Researchers led by Italy's Istituto Italiano di Tecnologia and New York's Child Mind Institute have identified two fundamentally distinct autism subtypes—one defined by hyperconnectivity, the other by hypoconnectivity—each rooted in different genetic and immune biology. The discovery, published in Nature Neuroscience, marks the first systematic effort to trace human brain imaging patterns back to their molecular causes, offering a foundation for precision medicine approaches that could reshape how autism is understood and treated.

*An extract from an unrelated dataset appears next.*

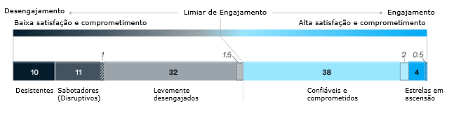 Dos seis segmentos, o grupo ativamente desengajado tem o potencial de exercer a maior influência negativa. Isso não se deve necessariamente ao seu comportamento, mas à forma como a organização os trata, aliada à percepção de seus pares.

For decades, clinicians and researchers have observed remarkable variability in how autism presents itself across individuals, yet they lacked direct biological evidence for whether these differences reflected distinct underlying mechanisms or simply surface variation of a single condition. That gap is what Dr. Alessandro Gozzi, director of the Center for Neuroscience and Cognitive Systems at the Italian Institute of Technology, and Dr. Adriana Di Martino, founding director of the Autism Center at the Child Mind Institute, set out to close. Their team used an innovative approach: they analyzed functional brain connectivity patterns in twenty different mouse models alongside brain scans from 940 children and young adults with autism and more than 1,000 neurotypical control subjects.
The pattern that emerged was striking. In the hypoconnectivity subtype, brain areas communicate less than they do in typically developing brains, and genetic analyses revealed these regions were enriched for synaptic genes—those governing how neurons connect and communicate. In the hyperconnectivity subtype, brain areas show excessive communication, and the enriched genes related to immune function, pointing toward inflammatory mechanisms. Together, these two subtypes accounted for approximately 25 percent of the individuals with autism the team examined.
What made this discovery possible was an elegant experimental strategy. The researchers used mouse models as a biological "Rosetta Stone," as Dr. Di Martino described it. By linking specific genetic and biochemical alterations in mice to observable patterns of brain connectivity, they could identify the exact molecular pathways driving each connectivity signature. They then searched for those same signatures in human brain scans drawn from the Autism Brain Imaging Data Exchange (ABIDE)—a pioneering neuroimaging initiative that aggregates datasets from research laboratories worldwide—and the Child Mind Institute's own data.
The findings held up under scrutiny. The hypo- and hyperconnectivity subtypes proved reproducible across dozens of independent research datasets, a critical validation that confirmed their biological consistency rather than artifacts of any single lab. The two subtypes also showed modest but meaningful differences on standardized autism severity assessments, with the hyperconnectivity group scoring moderately higher. Yet the most significant discovery was that brain-based biological markers revealed distinctions current behavioral tests do not fully capture.
The implications extend far beyond academic understanding. By identifying biological subtypes with different mechanistic underpinnings, researchers now have a clearer path toward targeted interventions. A treatment effective for immune-driven hyperconnectivity may have little value for synaptic-driven hypoconnectivity, and vice versa. This precision medicine approach could transform autism care from a one-size-fits-all model into personalized strategies matched to each individual's underlying biology. The work invites the field toward a future where autism diagnosis becomes not just a behavioral assessment, but a biologically informed classification that opens doors to more effective, individualized support.